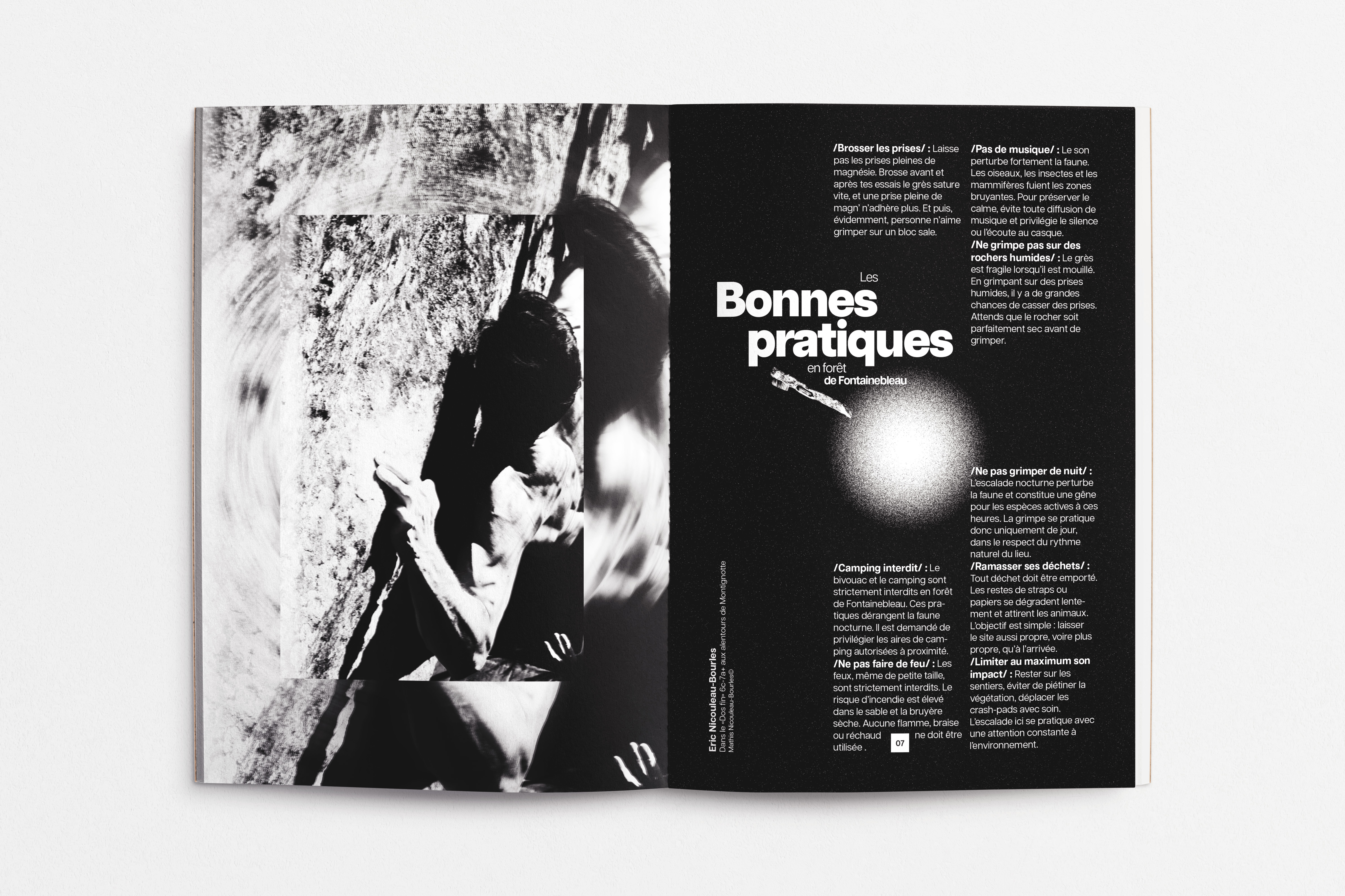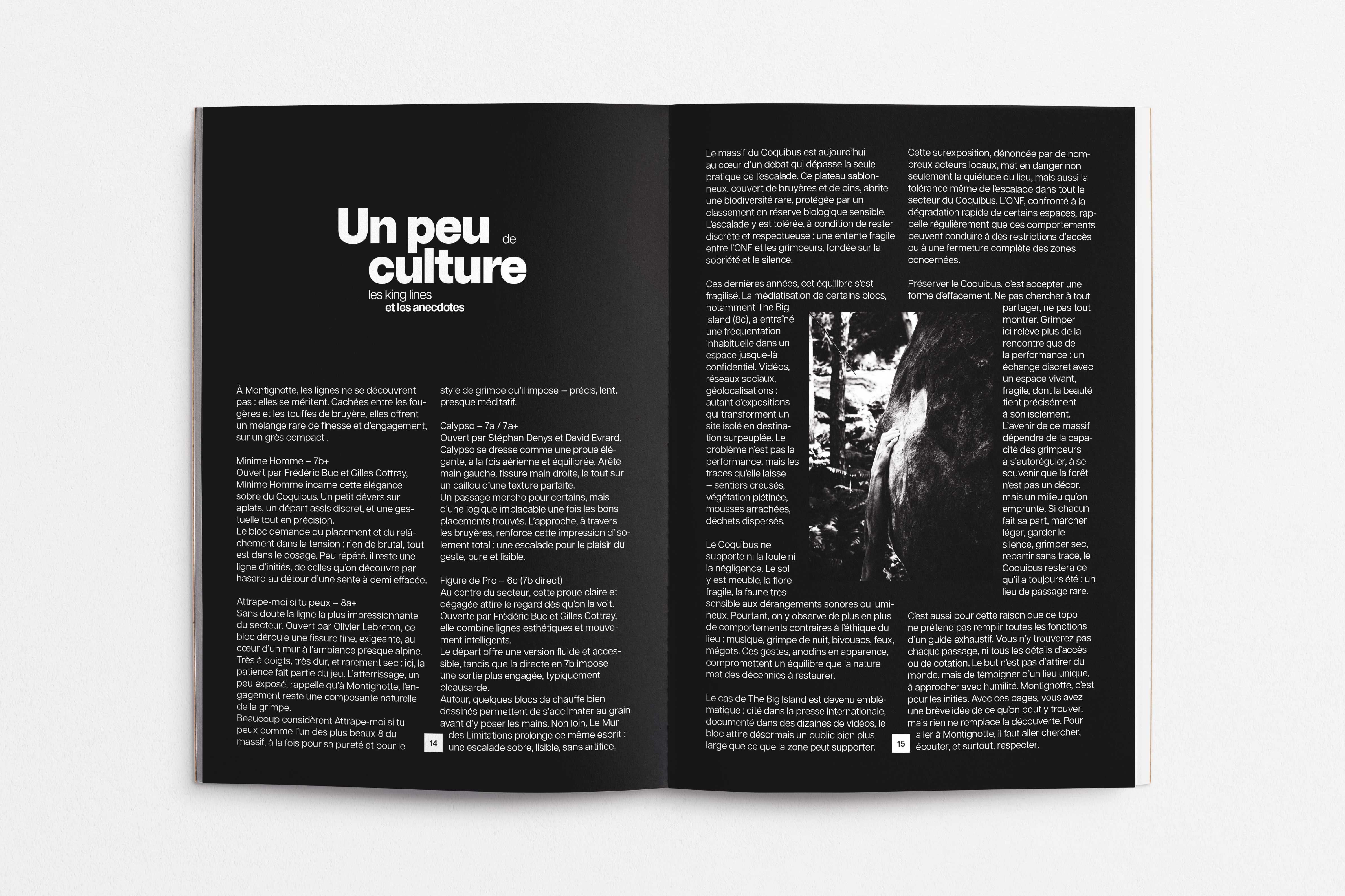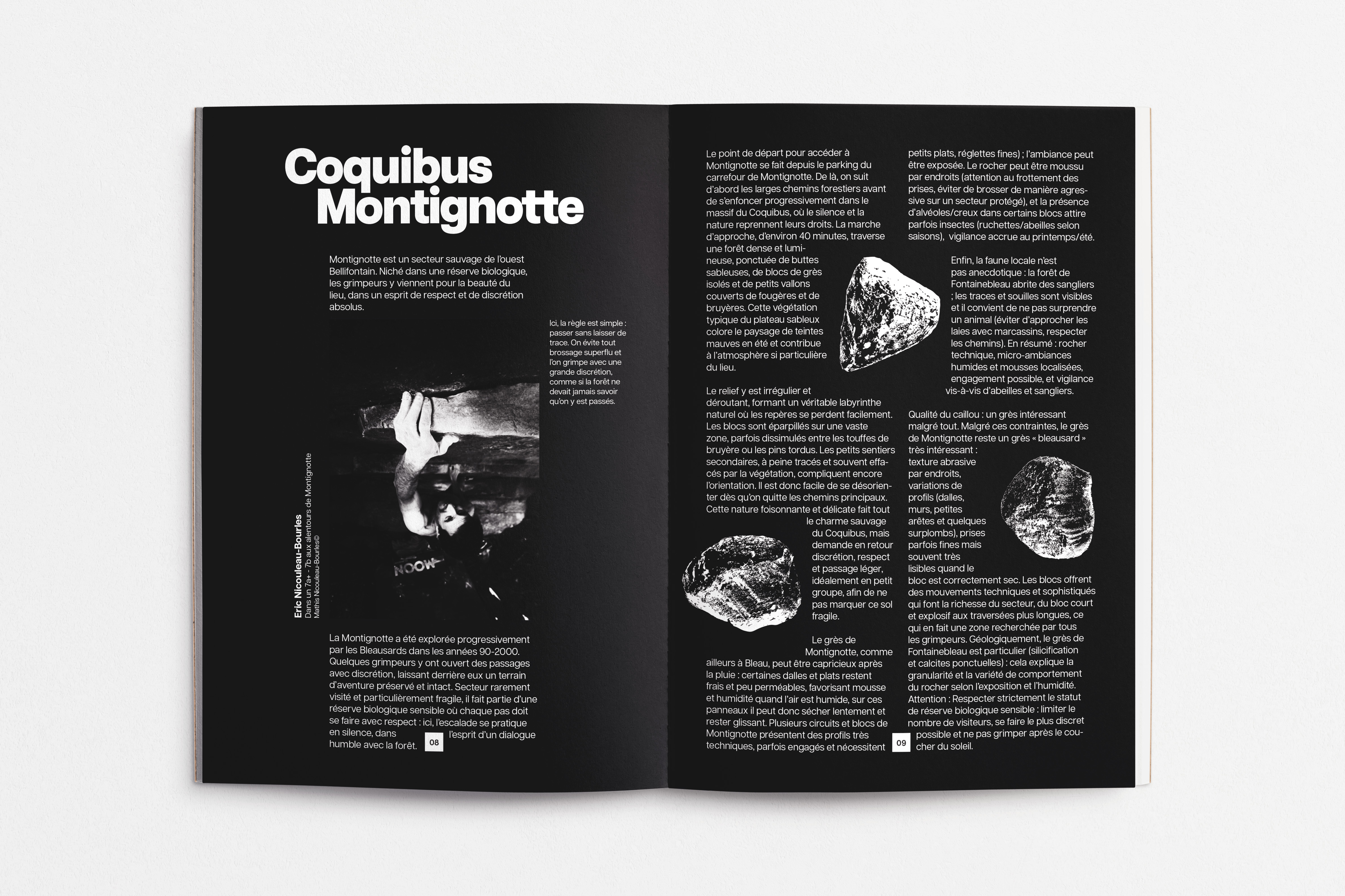 Ce projet est un topo d’escalade dédié au secteur de Montignotte, un lieu isolé et préservé du massif du Coquibus, en forêt de Fontainebleau. Réalisé de manière indépendante, il associe direction artistique, photographie et design éditorial pour documenter un territoire où la grimpe se pratique dans le respect du vivant et du silence. S’il pourrait encore être développé pour devenir un véritable outil technique, ce topo a surtout été pensé comme un objet éditorial, proche du "coffee table book". Il ne cherche pas à guider le lecteur, mais à partager une vision sensible et préservatrice de la forêt. Loin d’une approche de consommation du milieu naturel, il valorise une relation plus attentive et respectueuse au paysage. Ce projet personnel m’a offert un espace d’expérimentation graphique et de recherche sur la composition.
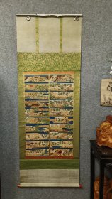 日本親鸞聖人一代记 本願寺行状图 纸本 印刷 朱红木轴,纵166Cm横60Cm,品相好。 亲鸾 Shinran(1173~1263),日本佛教净土真宗初祖。曾名范宴,绰空,善信,愚秃亲鸾等。谥号见真大师。 (编号F586)
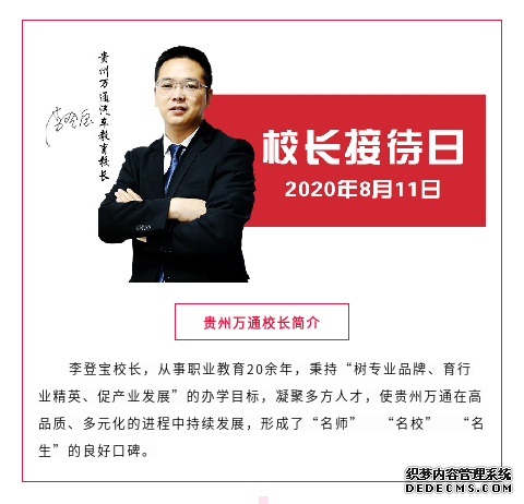 8月11日,贵州万通汽车学校校长接待日火爆来袭。前来报名、咨询的学生、家长可向校长提问题,校长将亲自接待并为学生、家长解疑释惑。
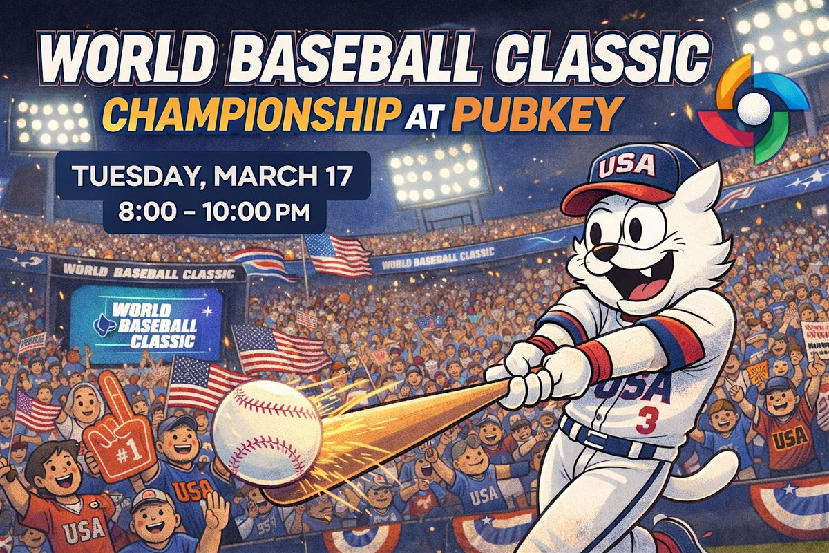 Get ready for an epic showdown at the World Baseball Classic Championship happening live at Pubkey! Catch all the thrilling in-person action, cheer for your favorite teams, and soak up the electrifying atmosphere. Whether you're a hardcore fan or just love the game, this event is where you want to be. Don't miss out on the fun and excitement – join us at Pubkey for a baseball experience like no other!
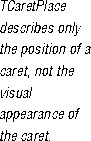 TCaretPlace describes the position at which a caret should be displayed on a line. Each TCaretPlace is defined by a position (a TGPoint) and a slope. The slope is used to draw a caret with a slope compatible with the immediate text. TTextLineLayout calculates caret positions using the current TInsertionOffset. TInsertionOffset is part of the Basic Text framework and is described in "Representing insertion points" on page 39.
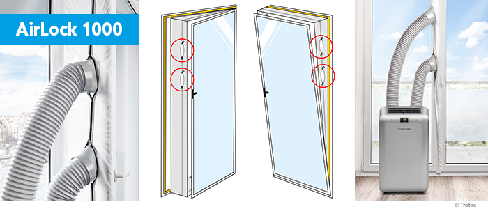 AirLock firmy Trotec to najczęściej kupowana w Europie uszczelka do kombinowanego zastosowania z klimatyzatorami z jednym lub dwoma przewodami. Teraz AirLock 1000 po raz kolejny rozszerza możliwości zastosowania tej praktycznej serii akcesoriów — AirLock 1000, jako jedyna uszczelka na rynku, dysponuje długością 560 cm w obwodzie. Pozwala to na zastosowanie energooszczędnej uszczelki do okien także w drzwiach tarasowych i balkonowych oraz oknach sięgających podłogi.

_ _ _ _ _

- WORK REQUIRED: Among the lines above, the one with "日本親鸞聖人一代记 本願寺行状图 纸本" opens the part to repeat and the one with "8月11日,贵州万通汽车学校" closes it; repeat only that part exactly, with no pictures.

- ANSWER TO THE EXERCISE:
 日本親鸞聖人一代记 本願寺行状图 纸本 印刷 朱红木轴,纵166Cm横60Cm,品相好。 亲鸾 Shinran(1173~1263),日本佛教净土真宗初祖。曾名范宴,绰空,善信,愚秃亲鸾等。谥号见真大师。 (编号F586)
 8月11日,贵州万通汽车学校校长接待日火爆来袭。前来报名、咨询的学生、家长可向校长提问题,校长将亲自接待并为学生、家长解疑释惑。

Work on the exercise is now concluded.